In January 2011, White House officials supported the restructuring of Solyndra, the scandal-plagued solar company of the president’s clean energy initiative, despite warnings from multiple analysts in the White House’s Office of Management and Budget (OMB) that saving the company would be more costly than letting it die.
According to an investigation by the House Energy and Commerce Committee, senior officials in the OMB did not discourage the Department of Energy (DOE) from proceeding to restructure Solyndra’s loan so private investors would be paid back ahead of taxpayers, should the company fail. The Washington Post reports:
The restructuring went forward, but within months Solyndra failed anyway, leaving federal taxpayers on the hook for much of the half-billion-dollar federal loan. Now, a year after the company’s collapse, debate continues over whether the refinancing plan was legal or a wise investment. Last week, Solyndra’s final liquidation plan estimated that the government will recover just $24 million of the $527 million that taxpayers lent to the company.
Details about the debate emerge in internal government documents.
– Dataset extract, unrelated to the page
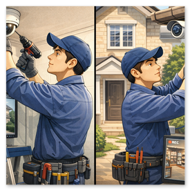 現地調査から機器選定、配線・電源工事、録画機(NVR/DVR)設定、ネット接続、スマホ遠隔閲覧設定までワンストップ。

They show that Energy Department officials argued that Solyndra might be able to pull out of its downward spiral if given an emergency infusion of cash. …
Documents show that in January 2011, when Solyndra was in technical default on its loan, OMB analyst Kelly Colyar concluded that if the company were immediately liquidated, taxpayers would lose $141 million. If the loan were restructured and more money were released to Solyndra, she estimated, a subsequent default would cost taxpayers $385 million. The loss was attributable in part to allowing private investors to recover some of their money first.
One such private investor, and one of Solyndra’s biggest is Oklahoma billionaire, George Kaiser, a major fundraiser for the president.
Colyar was not alone in her reservations about Solyndra, the Post reports:
A colleague at the OMB agreed, saying the analysis "confirms our earlier concern that DOE’s restructuring could effectively result in higher costs than liquidation." He added that, given the project’s high visibility, "DOE is likely to be very sensitive about optics if it should default."
OMB analysts also questioned whether the bailout would be enough to save Solyndra, considering that cheap solar panels from overseas had begun flooding the market. "With increasing competition from China, and other low-cost competitors, it wasn’t clear how Solyndra would be able to achieve the scale-up and margins needed" to survive, one e-mail said."